**EXERCISE REQUIREMENTS**:
From the records below, please print only the lines from the one containing "Also in Ardoyne, Cú" through the one containing "丝芭传媒经心罪状,曝光鞠婧祎", both included. Skip the pictures.

**GIVEN INFORMATION**:
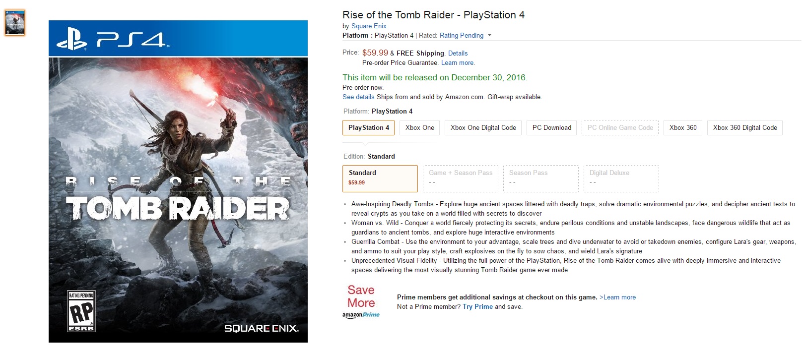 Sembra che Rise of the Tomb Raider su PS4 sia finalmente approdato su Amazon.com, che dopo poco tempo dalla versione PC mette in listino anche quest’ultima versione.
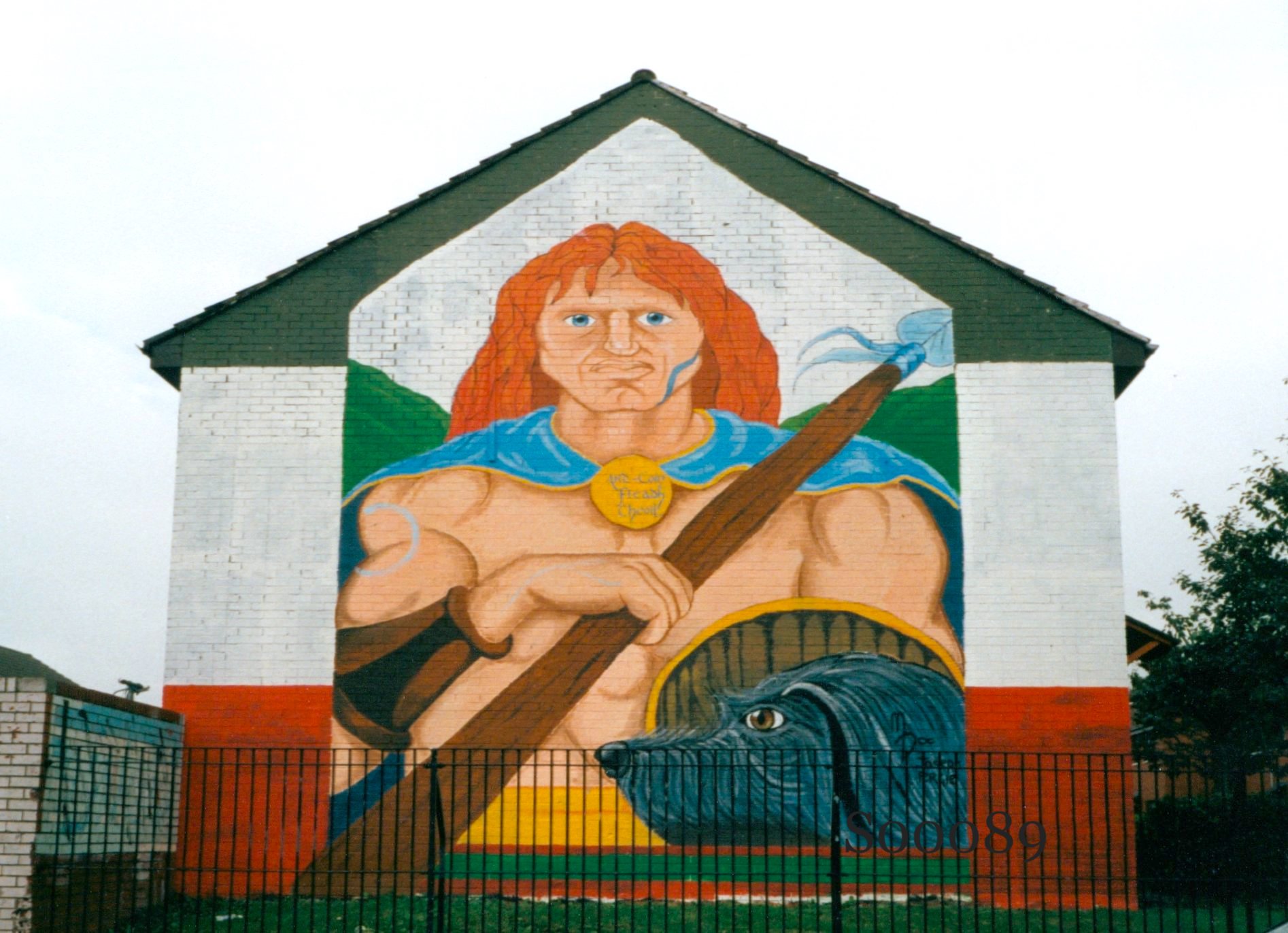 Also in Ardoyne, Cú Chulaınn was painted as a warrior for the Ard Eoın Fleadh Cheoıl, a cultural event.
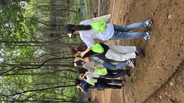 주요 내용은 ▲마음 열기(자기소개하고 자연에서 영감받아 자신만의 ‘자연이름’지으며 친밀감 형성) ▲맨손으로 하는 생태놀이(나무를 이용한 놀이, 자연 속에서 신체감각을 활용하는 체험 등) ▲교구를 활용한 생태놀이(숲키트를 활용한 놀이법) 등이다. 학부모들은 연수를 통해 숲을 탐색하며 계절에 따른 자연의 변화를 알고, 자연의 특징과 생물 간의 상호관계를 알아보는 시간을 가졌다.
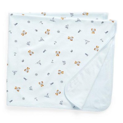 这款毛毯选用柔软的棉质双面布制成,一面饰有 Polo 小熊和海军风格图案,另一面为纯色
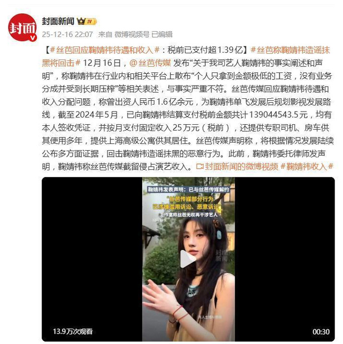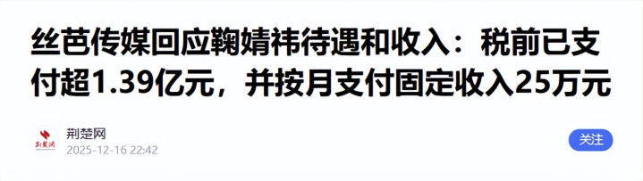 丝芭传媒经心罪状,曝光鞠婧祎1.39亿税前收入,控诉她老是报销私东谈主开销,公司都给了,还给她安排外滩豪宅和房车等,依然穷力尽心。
==
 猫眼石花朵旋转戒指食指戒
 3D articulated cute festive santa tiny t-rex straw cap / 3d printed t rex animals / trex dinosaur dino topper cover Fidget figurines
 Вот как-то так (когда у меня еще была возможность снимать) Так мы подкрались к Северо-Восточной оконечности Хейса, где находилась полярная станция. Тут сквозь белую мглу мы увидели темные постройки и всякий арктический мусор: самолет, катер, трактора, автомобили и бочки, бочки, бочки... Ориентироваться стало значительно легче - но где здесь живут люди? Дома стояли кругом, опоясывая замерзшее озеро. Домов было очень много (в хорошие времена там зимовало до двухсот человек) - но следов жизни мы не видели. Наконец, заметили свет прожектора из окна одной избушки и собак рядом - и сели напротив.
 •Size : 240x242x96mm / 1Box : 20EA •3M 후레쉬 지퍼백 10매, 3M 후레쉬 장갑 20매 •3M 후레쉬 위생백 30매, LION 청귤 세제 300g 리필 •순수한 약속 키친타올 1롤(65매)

**TASK ANSWER**:
 Also in Ardoyne, Cú Chulaınn was painted as a warrior for the Ard Eoın Fleadh Cheoıl, a cultural event.
 주요 내용은 ▲마음 열기(자기소개하고 자연에서 영감받아 자신만의 ‘자연이름’지으며 친밀감 형성) ▲맨손으로 하는 생태놀이(나무를 이용한 놀이, 자연 속에서 신체감각을 활용하는 체험 등) ▲교구를 활용한 생태놀이(숲키트를 활용한 놀이법) 등이다. 학부모들은 연수를 통해 숲을 탐색하며 계절에 따른 자연의 변화를 알고, 자연의 특징과 생물 간의 상호관계를 알아보는 시간을 가졌다.
 这款毛毯选用柔软的棉质双面布制成,一面饰有 Polo 小熊和海军风格图案,另一面为纯色
 丝芭传媒经心罪状,曝光鞠婧祎1.39亿税前收入,控诉她老是报销私东谈主开销,公司都给了,还给她安排外滩豪宅和房车等,依然穷力尽心。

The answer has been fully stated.